* _WORK ORDER_
Retype the entries, please, from their first line to the line containing "Рука вперед-назад (JT2) ±135 - −95° 130 °/с", exactly and only those lines, minus the pictures.

* _INPUT DATA_
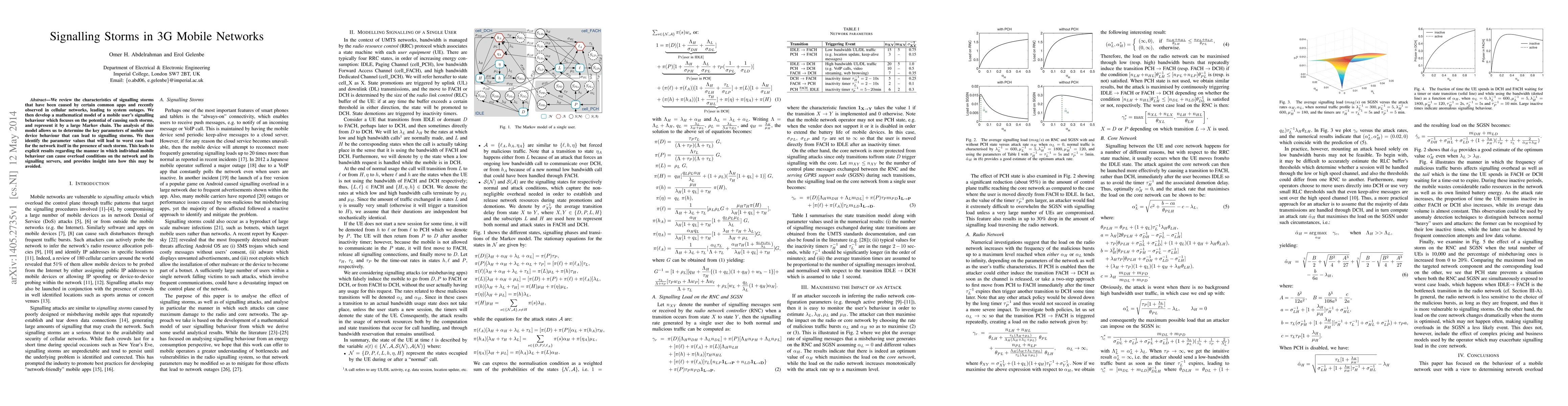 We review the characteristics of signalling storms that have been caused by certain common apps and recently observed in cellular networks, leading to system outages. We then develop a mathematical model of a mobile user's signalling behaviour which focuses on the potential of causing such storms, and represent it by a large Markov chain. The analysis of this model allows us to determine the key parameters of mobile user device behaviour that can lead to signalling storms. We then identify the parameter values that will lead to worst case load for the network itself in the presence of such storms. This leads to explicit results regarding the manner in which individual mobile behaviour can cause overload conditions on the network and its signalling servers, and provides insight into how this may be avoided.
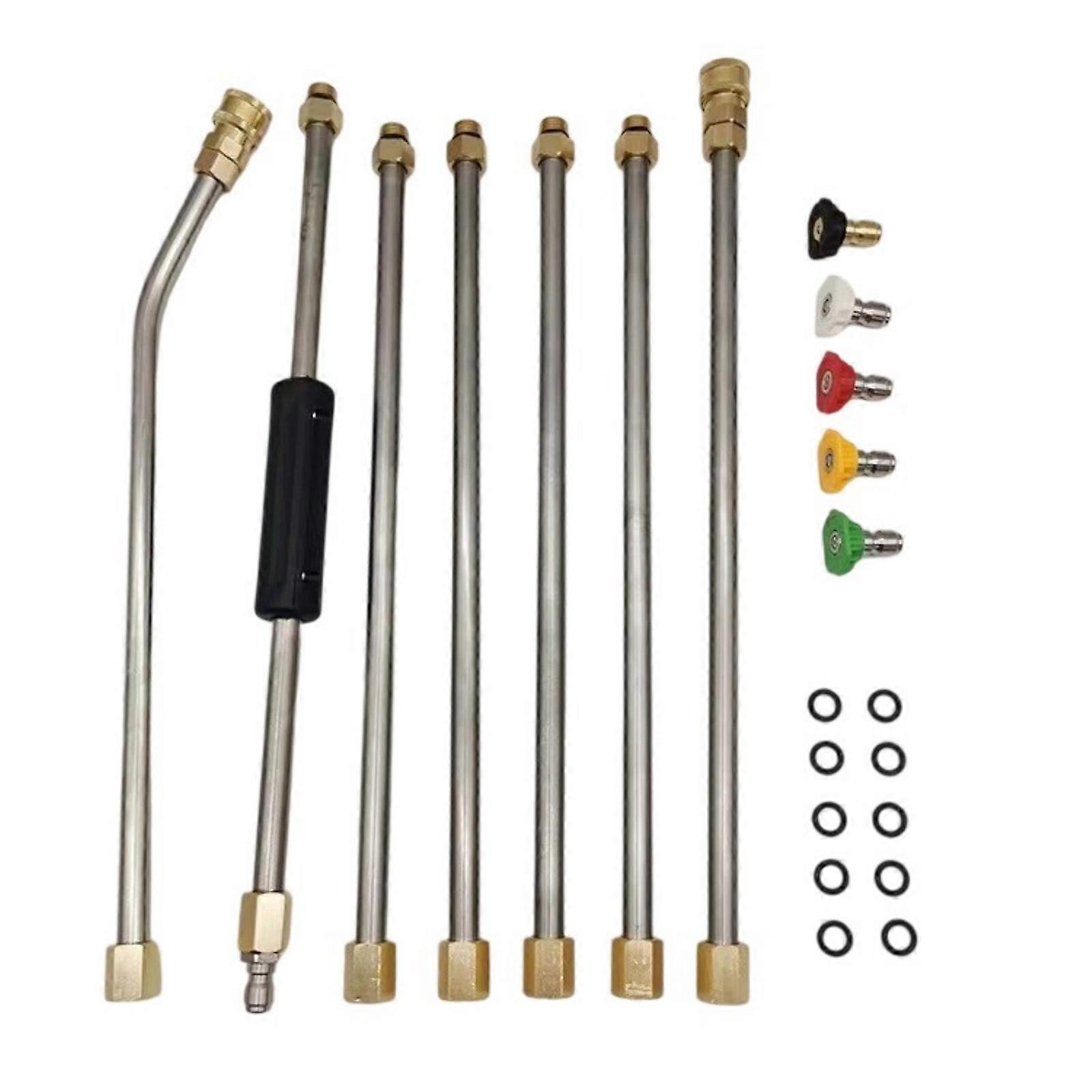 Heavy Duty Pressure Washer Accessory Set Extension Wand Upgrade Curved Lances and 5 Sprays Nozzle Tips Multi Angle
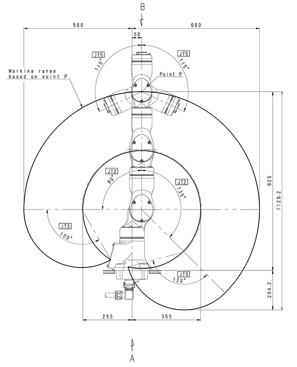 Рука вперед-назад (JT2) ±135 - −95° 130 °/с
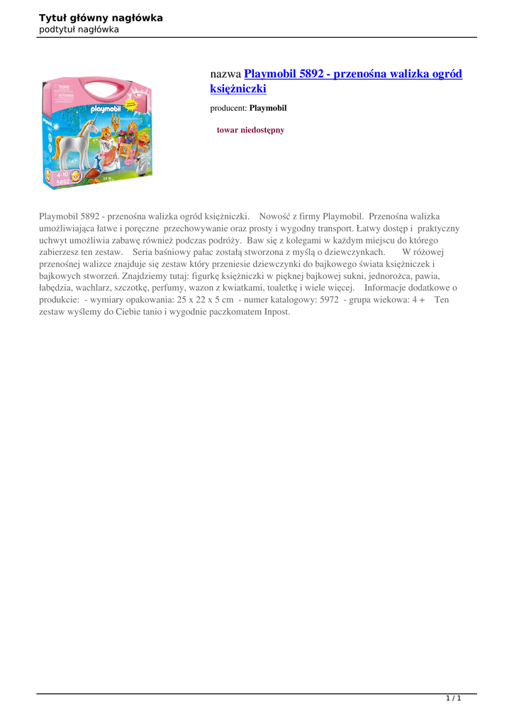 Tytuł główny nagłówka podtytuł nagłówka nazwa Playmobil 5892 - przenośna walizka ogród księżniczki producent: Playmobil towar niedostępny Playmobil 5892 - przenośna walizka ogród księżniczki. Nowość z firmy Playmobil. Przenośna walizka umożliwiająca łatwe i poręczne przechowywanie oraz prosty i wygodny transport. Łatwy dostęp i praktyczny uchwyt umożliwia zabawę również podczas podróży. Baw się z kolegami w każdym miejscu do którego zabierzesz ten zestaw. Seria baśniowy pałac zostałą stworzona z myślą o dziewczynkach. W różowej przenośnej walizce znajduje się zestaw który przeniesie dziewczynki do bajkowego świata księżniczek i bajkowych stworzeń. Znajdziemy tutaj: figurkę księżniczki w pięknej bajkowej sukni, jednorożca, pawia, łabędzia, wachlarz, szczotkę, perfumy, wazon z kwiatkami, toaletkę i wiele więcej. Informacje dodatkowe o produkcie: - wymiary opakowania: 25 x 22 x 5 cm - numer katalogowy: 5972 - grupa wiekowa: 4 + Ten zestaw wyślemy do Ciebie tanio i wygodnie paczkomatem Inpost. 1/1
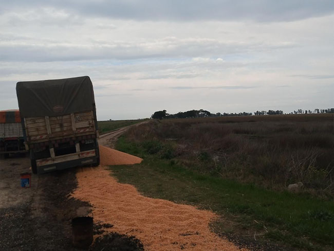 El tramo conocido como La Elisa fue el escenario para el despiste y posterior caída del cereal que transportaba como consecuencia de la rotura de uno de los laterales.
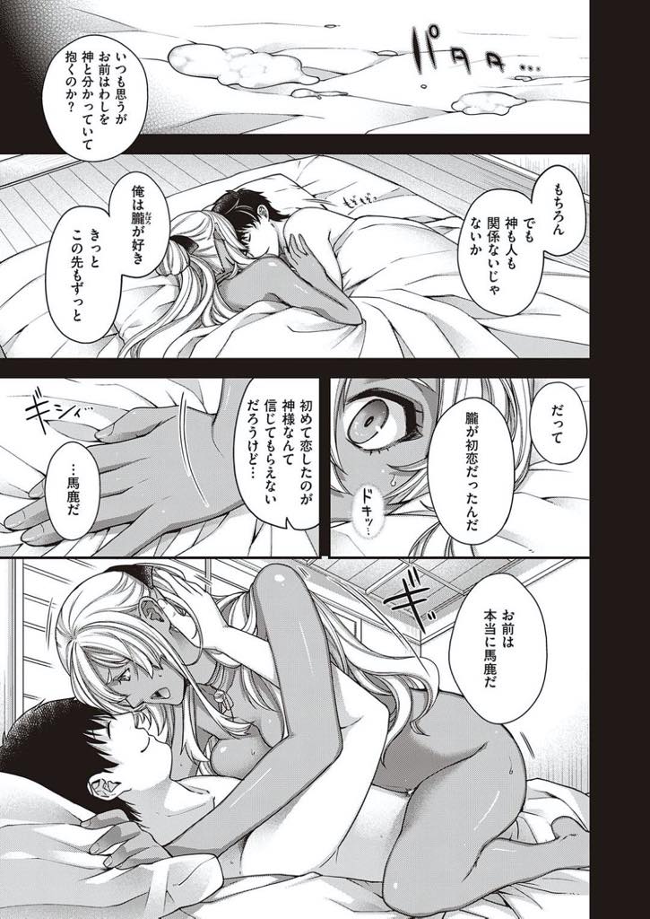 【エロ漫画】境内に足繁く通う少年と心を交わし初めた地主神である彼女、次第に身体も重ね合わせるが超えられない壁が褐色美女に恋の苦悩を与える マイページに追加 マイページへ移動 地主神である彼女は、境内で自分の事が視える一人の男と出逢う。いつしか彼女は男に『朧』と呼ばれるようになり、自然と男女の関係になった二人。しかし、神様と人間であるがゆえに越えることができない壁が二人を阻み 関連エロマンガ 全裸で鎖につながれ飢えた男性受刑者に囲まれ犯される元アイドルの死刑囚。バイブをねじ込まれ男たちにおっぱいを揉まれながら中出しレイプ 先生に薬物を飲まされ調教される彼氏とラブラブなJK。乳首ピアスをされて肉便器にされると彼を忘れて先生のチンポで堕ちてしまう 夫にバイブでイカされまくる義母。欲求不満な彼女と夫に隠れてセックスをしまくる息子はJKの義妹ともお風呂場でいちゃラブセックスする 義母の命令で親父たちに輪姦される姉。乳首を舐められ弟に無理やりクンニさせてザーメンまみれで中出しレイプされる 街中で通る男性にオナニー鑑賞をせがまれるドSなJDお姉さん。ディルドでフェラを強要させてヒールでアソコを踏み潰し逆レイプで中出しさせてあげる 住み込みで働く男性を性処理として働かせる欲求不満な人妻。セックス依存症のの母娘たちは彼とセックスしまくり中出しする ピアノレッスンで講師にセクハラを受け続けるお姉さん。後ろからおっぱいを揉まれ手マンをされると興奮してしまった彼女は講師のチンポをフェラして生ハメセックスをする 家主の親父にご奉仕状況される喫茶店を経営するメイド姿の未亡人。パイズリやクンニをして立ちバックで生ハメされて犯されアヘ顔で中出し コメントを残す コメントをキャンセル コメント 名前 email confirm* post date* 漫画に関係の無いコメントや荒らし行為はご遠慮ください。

* _ANSWER TO THE EXERCISE_
 We review the characteristics of signalling storms that have been caused by certain common apps and recently observed in cellular networks, leading to system outages. We then develop a mathematical model of a mobile user's signalling behaviour which focuses on the potential of causing such storms, and represent it by a large Markov chain. The analysis of this model allows us to determine the key parameters of mobile user device behaviour that can lead to signalling storms. We then identify the parameter values that will lead to worst case load for the network itself in the presence of such storms. This leads to explicit results regarding the manner in which individual mobile behaviour can cause overload conditions on the network and its signalling servers, and provides insight into how this may be avoided.
 Heavy Duty Pressure Washer Accessory Set Extension Wand Upgrade Curved Lances and 5 Sprays Nozzle Tips Multi Angle
 Рука вперед-назад (JT2) ±135 - −95° 130 °/с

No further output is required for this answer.